Comparison of Ussing Chamber and Caco-2 Model in Evaluation of Intestinal Absorption Mechanism of Compounds from Different BCS Classifications.

Abstract

Background: Oral bioavailability (F), which is evaluated by permeability and solubility, is one of the key parameters in drug discovery. Currently, Caco-2 and Ussing chamber are both used in the study of intestinal permeability of drugs at different stages of drug development. However, comparative research between the Ussing chamber and Caco-2 for predicting the intestinal availability data (F_a×F_g) in humans has not been reported.

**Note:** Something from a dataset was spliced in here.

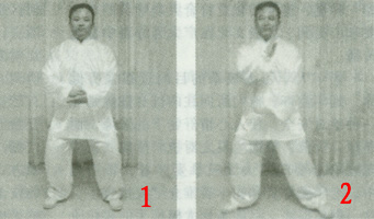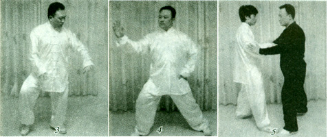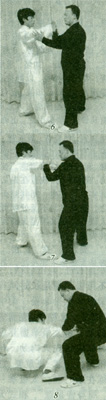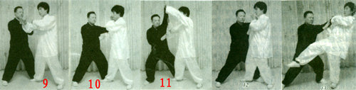 一、“懒扎衣”立意与特点 1.“懒扎衣”是一古老拳式名称,最初见于明戚继光(1528—1587年)32式长拳中,由此可窥得在太极拳发展过程中,前辈先贤们从其他拳种汲取到了诸多精华与养分。 2.和兆元宗师曾说:“膛中分峙如剑阁,头上中峰似璇玑”,这表明“懒扎衣”拳式的特点:懒扎衣定式右臂呈弧形,左手卡腰,右弓步,形似茶壶状;翻掌时两手如抱球,球不能抱丢,松肩转肘,腰脊中正,两仪阴阳分明,落脚根基要稳。 3.本式包含“翻掌”,是“拦扎衣”一式细分的小招式,双臂滚动、阴阳互变之中使用“分筋错骨”手法。 二、“懒扎衣”演练法 1.“懒扎衣”式从“金刚三大对”的收势开始(图1),两脚间距与肩同宽,涌泉穴虚,呈平行步型;下颏微内收,闭口叩齿,舌尖轻抵上腭(上牙根处),头顶百会穴微上顶,似有线上牵之意,使颈项竖直,谓虚领顶劲;含胸拔背,正腰落胯,提肛裹臀,收腹吊裆,自然腹式呼吸,静心凝神,物我两忘,全身透空;右手握拳轻放于左掌心,肘、膝关节放松微屈,两眼平视,目光不着意落于周围某物上。 2.右拳变掌向上抬至鼻高时向右,左掌向左上,掌心相对如抱球状各画一圆弧,重心由两腿中间逐步转移至右腿(图2)。 3.左胯松沉,左脚向左侧进步,右脚跟步呈右虚步。同时左掌向外上画一圆弧,左肘向外上旋,肘与掌如杠杆状。右掌随左掌一起向左侧挤按。左掌呈反掌,指尖斜向下,右掌指尖斜向前上与小腹同高(图3)。 4.右脚向右侧开步呈右弓步。同时左掌内旋向内放于左侧骨盆上缘,拇指向前,其余四指向后下,虎口卡腰,肘尖稍内扣;右掌向右上顺时针方向外旋画弧。眼平视(图4)。  三、“懒扎衣”技击法解 用法一: 1.甲乙双方搭手竞技,甲方(黑方,贾澎)重心在左腿,右手搭乙方(白衣,和东升),左手看住乙方右肘(图5)。 2.甲方右手领乙方右手向自己面门处走,左手看住乙方右肘,同时重心虚实向自己右侧转化(图6)。 3.甲方顺直乙方右臂,右手拿住乙方右腕部,顺其势,借其力继续向己方右下侧画圆,同时甲方左手向上侧推拿乙方肘部(图7). 4.甲方顺风顺水,游刃有余之间合住身体,乙方就是想走也徒唤奈何(图8)。 要点1:松身凝神,自然而然,呼吸即阴阳,呼则自然落下,吸则自然提起;身体虚灵活泼,意欲活泼,意欲腾挪;开合呼吸,内气随机自脚底涌泉上行至脊背,过大椎至头顶百会穴,下行沉人丹田,进而落于涌泉,形成大小周天。此全在内不在外,一片神行,丝毫无练拳之象,即所谓太极拳在内不在外。 要点2:“顺”在和式太极拳中有两重含义: (1)修炼中要“五顺”即:顺身、顺腿、顺手、顺脚、/顷意。顺者,通达不别扭,意何往,身必何往。手向左去身顺之去,腿向左去脚亦顺之去。顺脚时,以后脚跟为轴,摆动脚尖随势而动。走架以腰带动四肢,圆裆活胯,步随身换,手与身应,身与手合。上欲动而下自随之,下欲动而上自领之,上下动而中节攻之,中节动而上下和之o (2)技击中“求顺”o顺者,自然也。我的技艺高于对手,“艺高人胆大”,技击相搏时就“心要占先、意要胜人、身要攻人、步要过人”,当然是一顺百顺,胜对手也是顺其自然!若我技艺与对方相当甚至略逊,就必然自处弱势,守雌求柔,与其周旋。如何“求顺”呢?要气定神凝、以静待动、静观其变、知己知彼、应对从容,如此才能辨清对方意图,避其锋芒,顺势引之。正确对待“背势”,分析背、解决背、扭转背、摆脱背、战胜背,同时去发现顺、捕捉顺、创造顺、利用顺,以顺治逆,“彼有力,我亦有力,我意在先”,避其实,就其虚,蹈其隙而击之,引其过与不及处就可因人取势,制其手足无措而顾此失彼! 要点3:“棚”与“捌”,二者是太极拳主要技法,尤以“棚”是太极拳诸劲之源。无论左旋右进,前击后挡,“棚”决不可丢。棚是长时间行功走架形成似松非松、柔中寓刚、灵活而又稳重;充满韧性的劲路,是太极拳摒弃后天拙力所求得先天内劲。与棚劲相比,“掤意”更重要,意的修炼在劲之上。“太极拳一举动,周身皆是意”,和式太极拳教学要求把“捌意”与“棚劲”蕴涵于整个行功走架之中,称为:“灌”“意”与“劲”人身,如水银注入容器一样,无处不在。技击中“掤”的着力点以人体活关节为佳,对手难以滑脱。 “挒”法为扭转、转折之法,把对手手、肘等部位扭转,造成其筋骨姿势方向呈反向,可在很短时间内使对方手臂折断或损伤,以局部制服对方。有些拳家称这一手法为“分筋错骨”的手法。遇敌时“捌”手要快、巧妙,“捌”是以横力取直劲的技击方法,可以截断对方劲力的来源。迫使对方改变直力,我顺人背,这种手法和身法之轻灵、神妙有“四两拨千斤”之美誉。 用法二: 如果乙方要逃脱甲方的进攻,甲方可以听乙方劲力的性质,进自己左腿,挤按乙方右侧肋部;甲方亦可顺乙方右臂,进自己左腿,以左肘击打对方(图7)。 用法三: 1.双方搭手如图9、图10,乙方进右步,同时双手把甲方左臂向甲方左上方挤,意欲从左侧把甲方拔根击倒(图11)。 2.甲方旋腰松胯,左臂顺乙方劲力从左上方由外向内画圆,身体松沉,化尽乙方之劲;同时左腿插入乙方身侧后,重心虚实由右侧转至左侧,套封住乙方身体,左手领乙方左手,右手端住乙方左肘,此时乙方身体已经‘‘空’’了(图7)。 3.甲方合住身法以整击散,对手已经是强弩之末,我自从容,把乙方如稻草人一般抛出(图13)。 要点:“沾与黏”是太极拳技击基础要件,也是提高太极拳实战能力必经

Methods: In the present study, we evaluated the permeability of 22 drugs in rat intestines by Ussing chamber and compared them with the reported permeability data from Caco-2. In addition, the active transport of gabapentin was evaluated by Ussing Chamber.

Results: Intestine segments were selected by corresponding absorption site for Ussing chamber analysis. BCS Class I and II compounds were more absorbed in the duodenum and jejunum, and Class III and IV compounds were more absorbed in the ileum. P_app values in the Caco-2 model were moderately correlated with human F_a×F_g (R²=0.722), and the P_app of the rat in the Ussing chamber revealed a better correlation with human F_a×F_g (R²=0.952). In addition, we also used the Ussing chamber to identify the transporter of gabapentin, and the results showed that the active absorption of gabapentin was related to LAT1.

Conclusion: Ussing chamber combined with rat intestinal tissue would be a significant tool for predicting the intestinal absorption and metabolism of compounds with diverse physiochemical characteristics.